Chemical injuries to the eye can have serious consequences and require prompt and appropriate management. Individuals who work around chemicals are most at risk for this type of injury, and we encourage this population to wear eye protection every time they’re handling chemicals. That said, many of the chemical injuries we see occur in individuals doing cleaning or house projects who aren’t well-versed in eye safety and protection. As we move towards “spring cleaning” these injuries become even more common. I had a patient who was opening his pool without eye protection and chlorine splashed back into his eyes, causing very severe injury. 

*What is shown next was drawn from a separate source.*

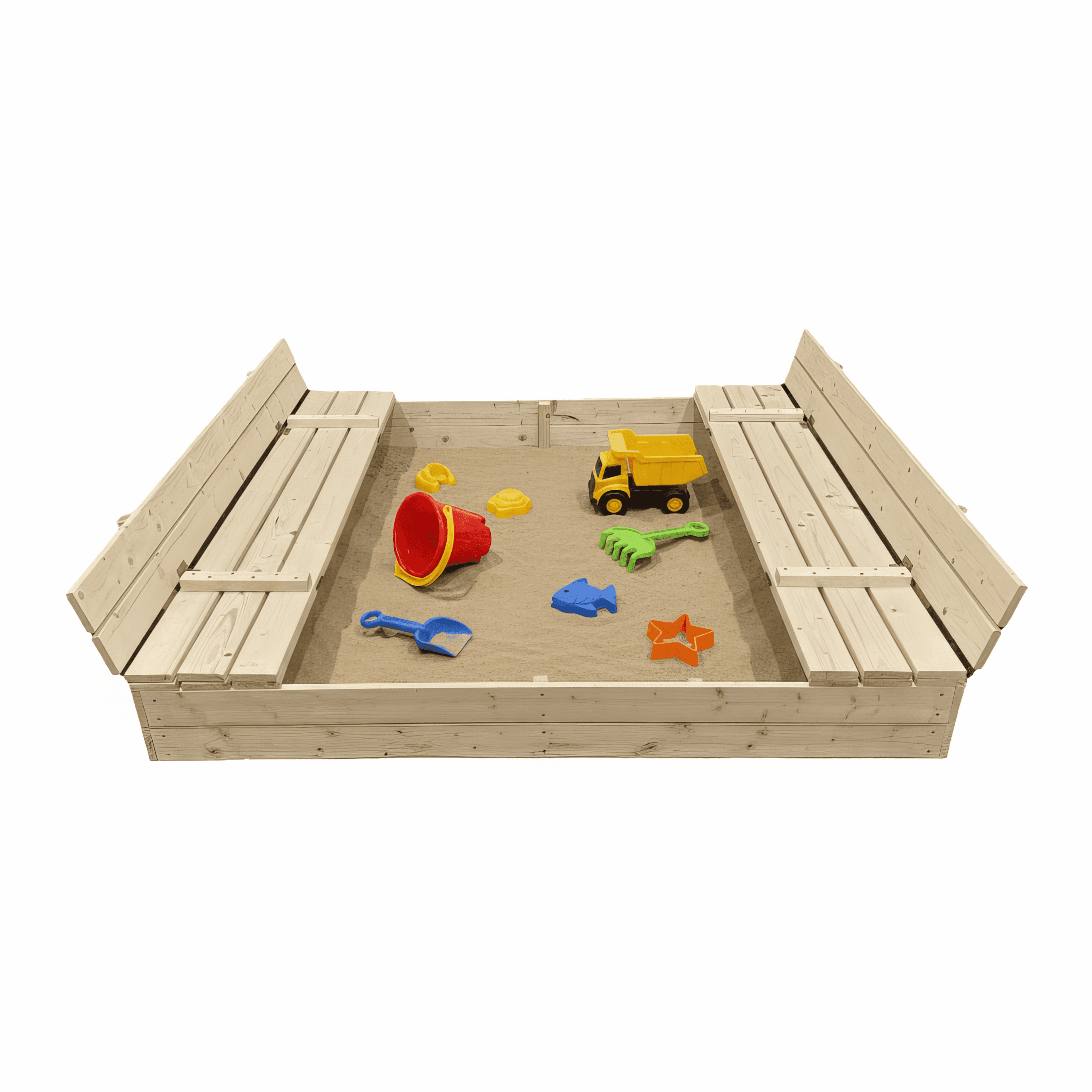 Vaikystė dažnai prasideda nuo paprastų, bet labai svarbių dalykų – smėlio tarp pirštų, tyliai gimstančių istorijų ir ilgų žaidimų gryname ore. Medinė smėlio dėžė su dangčiu, kuris išsilanksto į patogius suoliukus, kartu su smėliu komplekte padeda sukurti jaukią ir vaikams patogią žaidimų erdvę kieme.

Here, I’ll discuss the steps necessary when dealing with ocular chemical injury, from substance identification and classification to medical and surgical management.

 

Initial Steps

Limiting the amount of contact the chemical substance has with the eye is crucial. Most ocular chemical injury patients come through the emergency department, which is where we’re best able to irrigate the eye with something like a Morgan lens. However, because time to irrigation greatly influences visual prognosis, it’s recommended that patients who can’t get to the emergency department right away irrigate with whatever they have on hand, even if it’s not sterile, such as tap water.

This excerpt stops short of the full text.